Taunting of Saddam prompts new look at leadership

? The taunts and insults hurled at Saddam Hussein minutes before his execution Saturday have prompted some U.S. officials and Iraqi politicians to conclude that Prime Minister Nouri al-Maliki’s government is led by Shiite Muslim radicals and can’t be counted on to disarm Shiite militias.

Several U.S. officials in Baghdad and Washington told McClatchy Newspapers that, practically speaking, the Bush administration no longer can expect al-Maliki to tackle the militias because Saddam’s hanging exposed the depth of the government’s sectarianism.

The scene at the execution “confirms everyone’s worst speculations about the government: It is sectarian and incompetent,” said a U.S. official who agreed to speak under a promise of anonymity because of the sensitivity of the topic. The militias and al-Maliki’s government are intertwined “so much that you don’t know for sure from issue to issue what is the militia and what is the government,” the official said.

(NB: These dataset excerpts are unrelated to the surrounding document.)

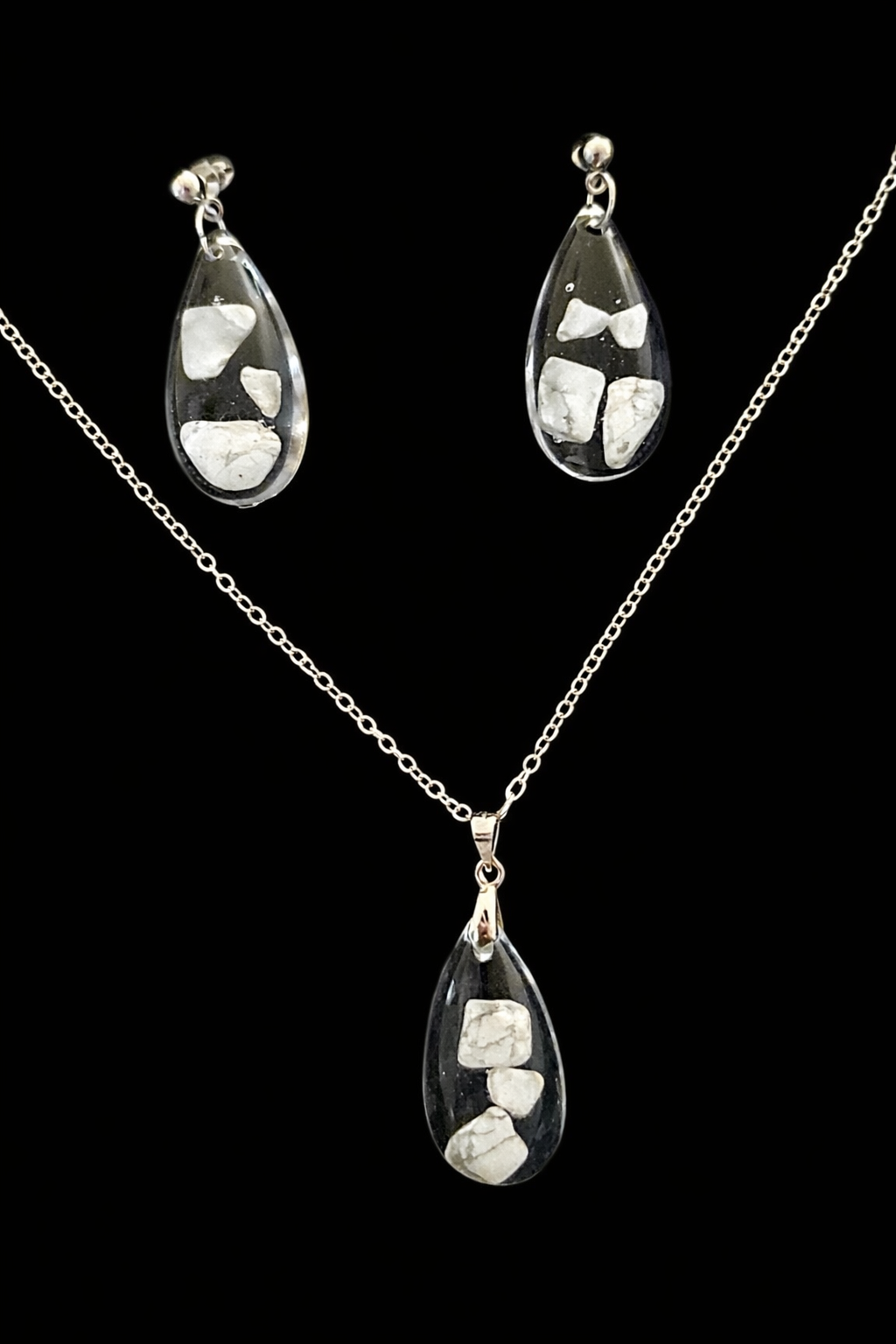 Örhängen och halsband med howlit.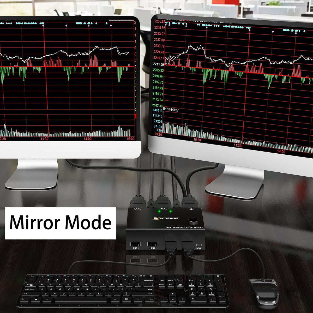 ?Kvm Switch Dual Monitor Hdmi 2 Port?This Dual Monitor Kvm Switcher 2 Monitors 2 Computers Allow You To Control 2 Pcs By Only One Set Of Keyboard & Mouse,Share 4 Usb Devices And 2 Monitors(Extend Display Mode Or Copy Display Mode). Please Note That The Extended Mode Can Output Two Different Screens, And The Copy Mode Can Output Two Identical Screens. | ?Ultra Hd 4K@ 60Hz?2 Port Hdmi Kvm Switch Dual Monitor Support Input Of Different Resolutions, Such As 4K@60Hz, 1440P@60Hz, 3D And 1080P@60Hz Or Lower Resolution. Note: If You Need A 4K Resolution , Please Use Version 2.0 Hdmi Cable And Make Sure Your Computers And Monitors Support 4K ! | ?Kvm Switch With 4 Usb 2.0 Ports?Dual Monitors Hdmi Usb Switcher With Standard Usb 2.0 Port Which Can Recognize Wired/Wireless Keyboard Mouse Usb Hard Drive Printer Or Other Usb Devices.Please Note That This Kvm Switch Not Compatible With Hd Webcam And Macbook Pro Well,So We Don'T Recomand Connect To Our Product. | ?Great Compatibility & 2 Switching Mode?Mleeda Kvm Switch Hdmi Driver-Free For Windows 10/8/8.1/7/Vista/Xp And Mac Os,Linux.Plug And Play,No External Power Required. You Can Press The Button On The Panel Or Use The Desktop Controller(Included In The Package) To Switch The Computers.Led Indicate The Active Computer. | ?Usb Hdmi Kvm With Wide Compatibility?Dual Monitor Kvm Support Many Kinds Of Input Devices,Such As Pc,Laptop,Apple Tv,Ps3/Ps4,Xbox.It Is Widely Applied For Office,Multimedia Teaching,Meeting Room,Etc. | ?Note?This Dual Monitor Kvm Switch Requires Each Computer To Have 2 Hdmi Output Ports And Supports Extended Display, Support Dvi/Vga/Dp/Usb C To Hdmi Converter. If Your Computer Only Supports Single Display, Then This Product Cannot Help You Get Dual Display Function. | After Connecting The Computers And The Monitors Through Kvm, You Need To Set The Screen Output Mode On The Computer (Press Windows+P) And Select The Output Mode In The Pop-Up Window On The Screen. Otherwise, Only One Of The Two Connected Monitors Has An Image.Any Questions Please Feel Free To Tell Us,Contact Way:(Sold By) Store Name -> Ask A Question.1 Year War-Ranty
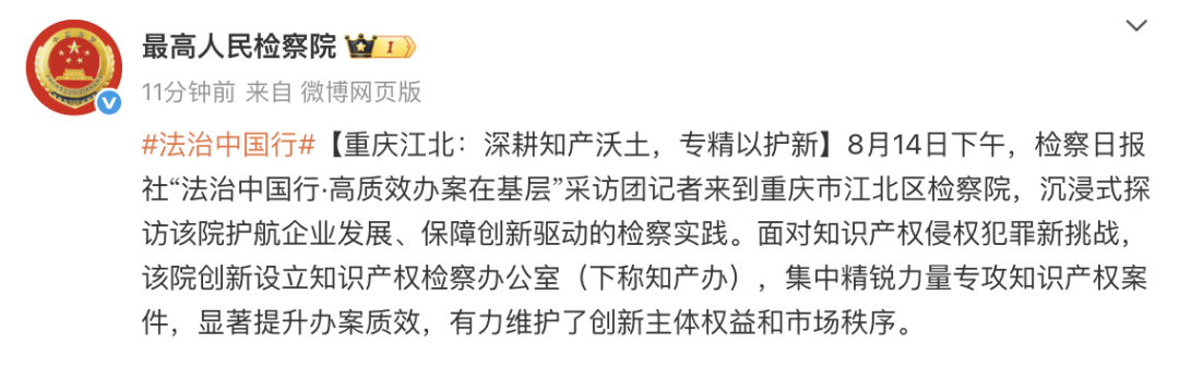 8月14日下午,检察日报社“法治中国行·高质效办案在基层”重庆行记者来到重庆市江北区检察院,沉浸式探访该院护航企业发展、保障创新驱动的检察实践。面对知识产权侵权犯罪新挑战,该院创新设立知识产权检察办公室(下称知产办),集中精锐力量专攻知识产权案件,显著提升办案质效,有力维护了创新主体权益和市场秩序。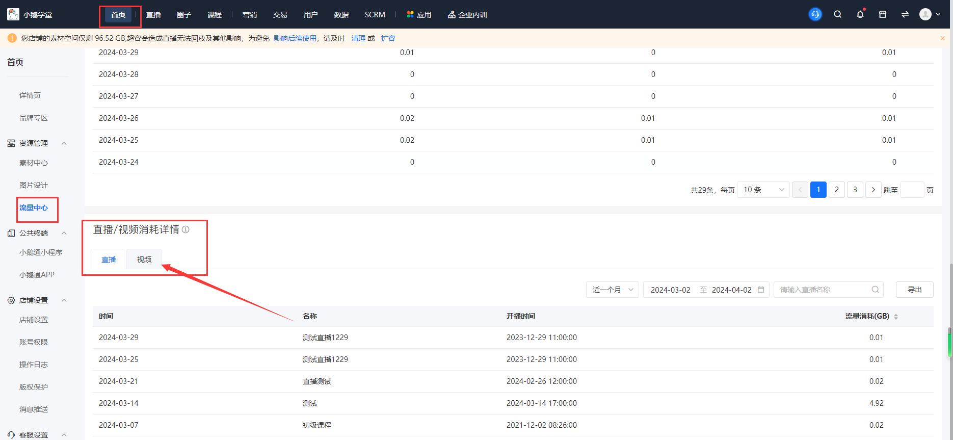小鹅通商家用户登陆到小鹅通管理后台之后,点击“首页”——“资源管理”——“流量中心”可以查看流量消耗数据,也可以查看每次直播,直播间消耗的流量数据。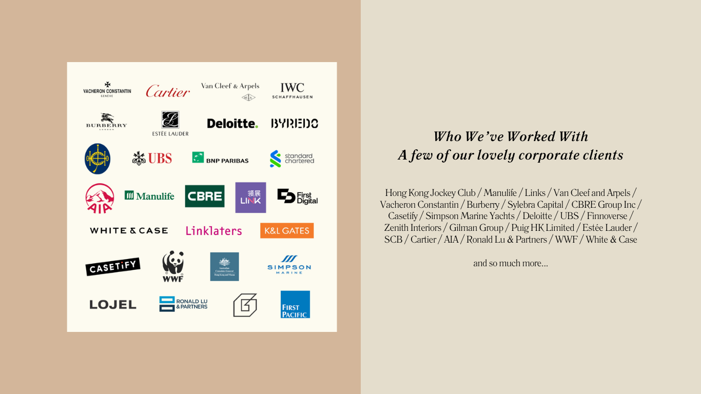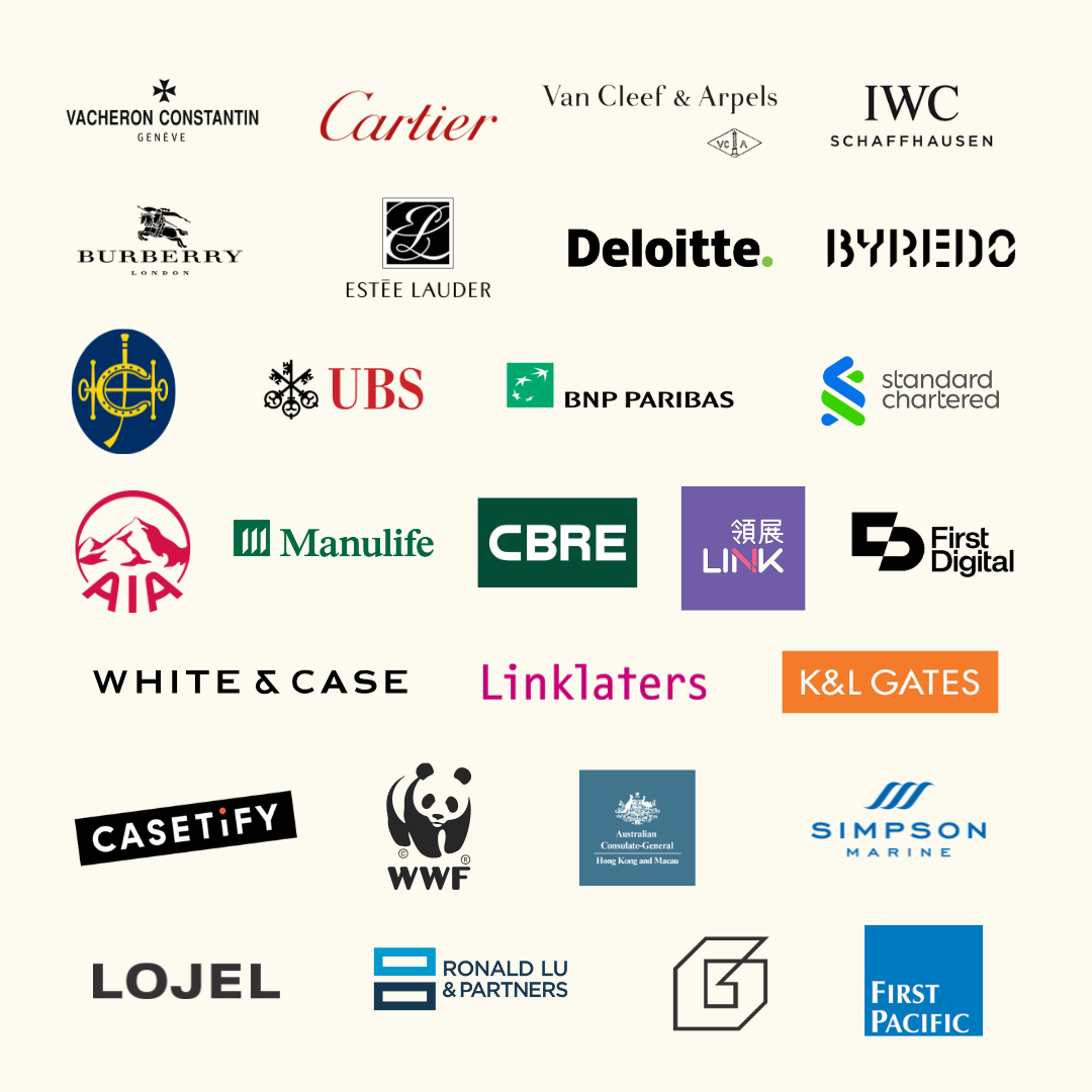 Hong Kong Jockey Club / Manulife / Links / Van Cleef and Arpels / Vacheron Constantin / Burberry Sylebra Capital / CBRE Group Inc / Casetify / Simpson Marine Yachts / Deloitte / UBS / Finnoverse / Zenith Interiors / Gilman Group / Puig HK Limited / Estรฉe Lauder / SCB / Cartier / AIA / Ronald Lu & Partners / WWF / White & Case / First Pacific / First Digital / K&L Gates / Linklaters / IWC / BNP Paribas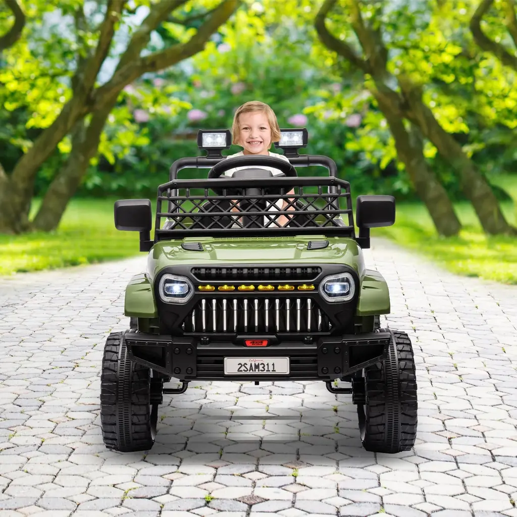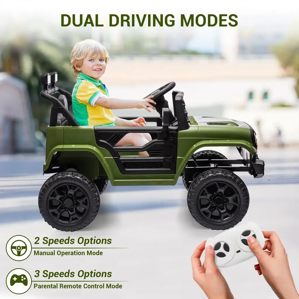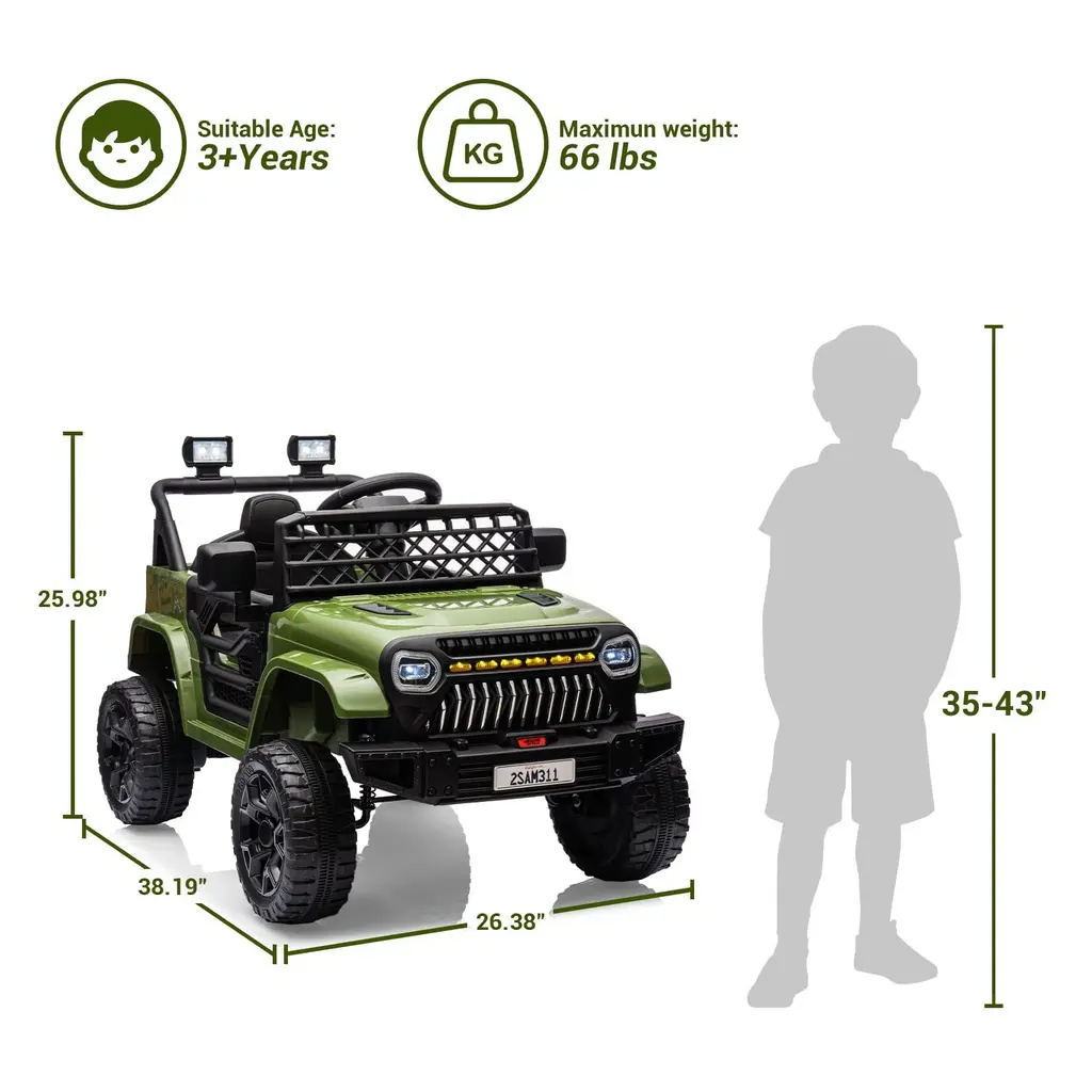 Dual Motors: This 12V ride-on truck ensures a thrilling driving experience of 1.55-2.49 Mph. 8-12 hours charging time provides 40-50 minutes of continuous fun, addressing the issue of limited battery life and allowing for extended entertainment. Smooth Ride Experience: Designed with slow start and spring shock absorbers, this 12V ride on truck protects your kids from the impact of rough terrain, ensuring a comfortable and stable ride for kids on bumpy roads. Two Driving Modes: This electric car offers a 3-speed driving experience with a steering wheel, electric foot pedal, and control panel. You can also supervise with a 2.4G remote featuring 2-speed settings, enhancing interaction with your kids. Fun & Functional: This kids ride on truck car features LED lights and MP3 music, allowing kids to play their favorite tunes, creating a multi-sensory play environment that is engaging and enjoyable for your kids. Ideal Gift For Your Kids: Ideal for kids aged 3+, this battery powered car for kids supports up to 66 lbs. Measuring 38.19" x 26.38" x 25.98", this toddler toy car provide a spacious space for kids to comfortably ride and enjoy the toy.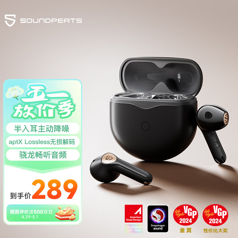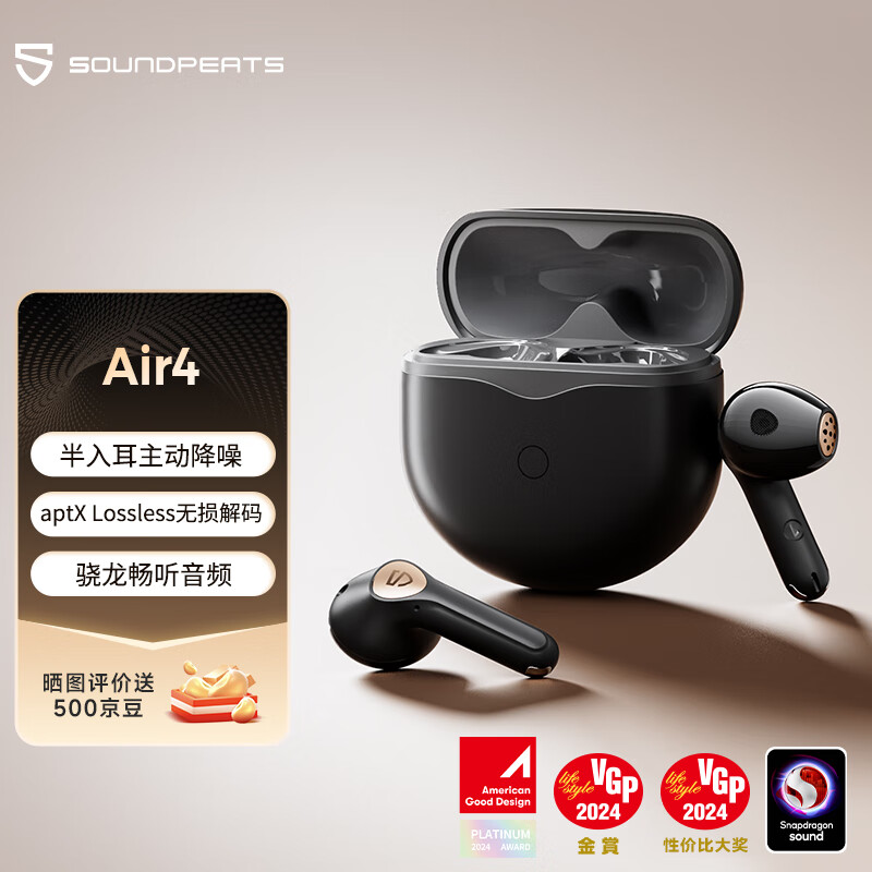泥炭(SoundPEATS)Air4 主动降噪真无线蓝牙耳机 半入耳式泥炭蓝牙耳机自适应主动降噪 蓝牙5.3 泥炭蓝牙耳机 沉浸黑价格:289.00元!

That assessment underscores the Bush administration’s challenge as it considers sending thousands of additional U.S. troops to confront Iraq’s growing sectarian violence.

President Bush, who’s expected to announce a new Iraq policy next week, has vowed to support al-Maliki, who came to power via U.S.-sponsored elections. He’s pushing al-Maliki to disarm the militias, especially the Mahdi Army of radical Shiite cleric Muqtada al-Sadr. Many blame the Mahdi Army, which fought two bloody campaigns against U.S. forces in 2004, for much of the violence that’s engulfing Baghdad.

However, a jerky cell-phone video of Saddam’s execution showed that al-Sadr supporters were involved. Amid Shiite chants, at least one witness to the execution can be heard chanting “Muqtada, Muqtada, Muqtada.”

Someone also can be heard yelling the name of al-Sadr’s uncle, Mohammed Baqir al-Sadr, who’s considered the intellectual behind al-Maliki’s Dawa Party.

Sadr’s father, the Grand Ayatollah Mohammed Mohammed Sadeq al-Sadr, was a prominent Saddam opponent who was murdered in 1999, reportedly on Saddam’s orders.

Some accounts of the execution indicate that al-Maliki’s national security adviser, Mowafek al-Rubaie, quizzed Saddam about the al-Sadr murder before Saddam, who was a Sunni Muslim, was hanged.

An official videotape of the execution didn’t include audio.

Mithal Alusi, a secular parliament member who took part in the government’s deliberations about Saddam’s execution, said the video made it clear that the al-Maliki government was harboring militia members whom it didn’t control. He called the display of emotions a warning that the government must cut its connections to the militias.

“What happened was a clear and lasting warning to Maliki to rid the security services of militias,” said Alusi, one of a handful of secular politicians in the government, who said he supported the decision to hang Saddam quickly. “Why not now?” he answered when asked about the timing of the execution.

But he was critical of the behavior of guards and other witnesses. “This was evidence that those militiamen have forgotten they are official security members,” Alusi said.